5. La décision contestée a été signée, pour la présidente, par Mme D A, directrice du CIAS Corbières Méditerranée. Si par un arrêté du 20 mai 2020, la présidente lui a octroyé une délégation de signature à l'effet de signer " les courriers et documents divers n'emportant ni engagement juridique ou financier du syndicat ni reconnaissance de droit, les convocations aux séances du conseil d'administration et aux commissions internes et les bons de commande des marchés publics à bons de commande ", cet arrêté, ainsi que l'admet, au demeurant, l'établissement public intercommunal, dans ses observations en défense, ne l'habilitait pas expressément à signer une décision de non-renouvellement d'un contrat d'un agent. Dans ces conditions, ainsi que le soutient la requérante, la décision contestée est entachée d'incompétence, sans que le CIAS Corbières Méditerranée puisse utilement invoquer la circonstance, postérieure à la décision en litige, que la présidente aurait confirmé la décision en signant elle-même, le 17 octobre 2022, une décision identique et aurait par là même régularisé le vice d'incompétence.

6. Par suite, et sans qu'il soit besoin de se prononcer sur les autres moyens soulevés à l'appui de sa requête, Mme B est fondée à demander l'annulation de la décision du 18 mars 2022 par laquelle le président du CIAS Corbières Méditerranée a refusé de renouveler son contrat à durée déterminée.

En ce qui concerne la légalité de la décision du 17 octobre 2022 refusant le renouvellement du contrat à durée déterminée de Mme B :

7. En premier lieu, l'omission purement matérielle de l'année dans l'intitulé de la décision du 17 octobre 2022 est sans incidence sur sa légalité. Le vice de forme ainsi soulevé ne peut qu'être écarté.

8. En deuxième lieu, la méconnaissance du délai de prévenance n'entraîne pas par elle-même, en l'espèce, l'illégalité de la décision de non-renouvellement du contrat. Elle est seulement susceptible d'engager la responsabilité de l'administration, à la condition, cependant, que l'agent justifie de l'existence d'un préjudice en lien direct avec cette faute. Il suit de là que Mme B ne peut utilement invoquer la circonstance qu'elle n'aurait été prévenue du non-renouvellement de son contrat que le 17 octobre 2022, soit postérieurement à l'expiration du dernier contrat à durée déterminée.

9. En dernier lieu, aux termes de l'article L. 332-23 du code général de la fonction publique : " Les collectivités et établissements mentionnés aux articles L. 4 et L. 5 peuvent recruter temporairement des agents contractuels sur des emplois non permanents pour faire face à un besoin lié à : ()2° Un accroissement saisonnier d'activité, pour une durée maximale de six mois. () ".

10. Un agent public, qui a été recruté par un contrat à durée déterminée, ne bénéficie ni d'un droit au renouvellement de son contrat ni, à plus forte raison, d'un droit au maintien de ses clauses si l'administration n'envisage pas de procéder à son renouvellement.

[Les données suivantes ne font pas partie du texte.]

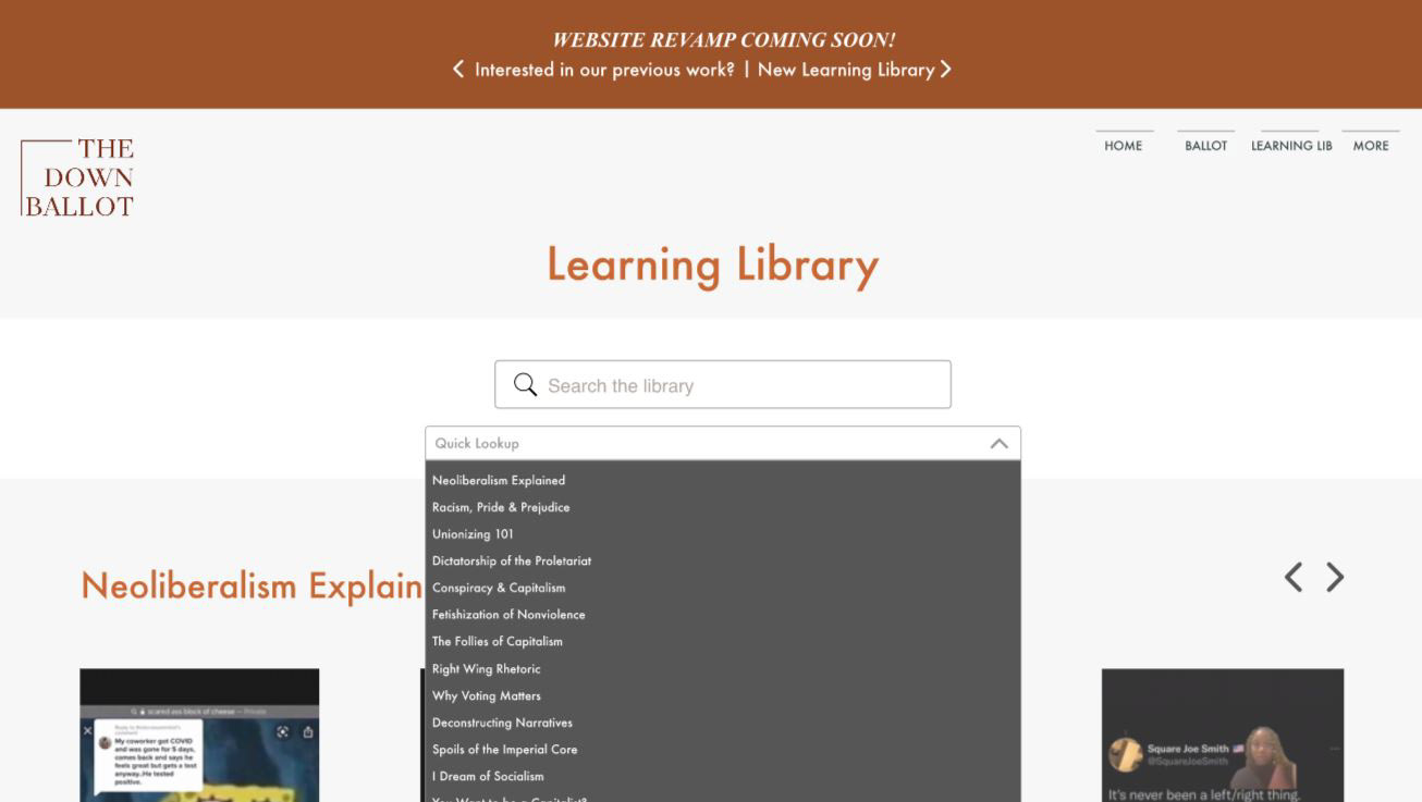 The Learning Library is a new feature that showcases educational videos for thedownballot, a civic tech organization that aims to keep constituents connected from local elections. I was assigned to produce some high-fidelity wireframes given lower-fidelity ones for the web. With the limitation of providing videos from thedownballot's platform, I designed two main methods of navigation to access the library:

Toutefois, l'administration ne peut légalement décider, au terme du contrat, de ne pas le renouveler, que pour un motif tiré de l'intérêt du service. Un tel motif s'apprécie au regard des besoins du service ou de considérations tenant à la personne de l'agent.

11. Pour justifier le refus de renouvellement du contrat de Mme B, le CIAS Corbières Méditerranée fait valoir que le besoin saisonnier existant dans le domaine de l'aide à domicile qui avait motivé son recrutement en qualité d'agent social n'existait plus à la date du 31 mars 2022. Par les éléments produits et non sérieusement contestés, l'établissement public intercommunal démontre, sur le secteur d'exercice de l'intéressée, la réduction d'activité liée à une baisse des besoins d'aide à domicile à compter du mois de mars 2022 et comporte même le retrait d'un bénéficiaire, soit une baisse mensuelle, de ce seul fait, de plus de 21 heures. Il suit de là que, contrairement à ce qui est soutenu, le CIAS Corbières Méditerranée justifie que le non-renouvellement du contrat de la requérante est en lien avec l'intérêt du service. Par suite, le moyen tiré de ce que le motif du non-renouvellement serait étranger à l'intérêt du service ne peut qu'être écarté, alors même que l'intéressée était, à l'échéance du dernier contrat, en arrêt maladie.

12. Il résulte de ce qui précède, sans qu'il soit besoin de se prononcer sur la fin de non-recevoir opposée en défense, que Mme B n'est pas fondée à demander l'annulation de la décision du 17 octobre 2022 refusant le non-renouvellement de son contrat.

Sur les conclusions à fin d'injonction :

13. Si le présent jugement annule la décision du 18 mars 2022, il résulte de ce qui précède que la présidente s'est à nouveau prononcée, le 17 octobre 2022, par une décision, dont la légalité est confirmée, sur le non-renouvellement du contrat de Mme B. Il suit de là que le présent jugement n'appelle aucune mesure d'exécution.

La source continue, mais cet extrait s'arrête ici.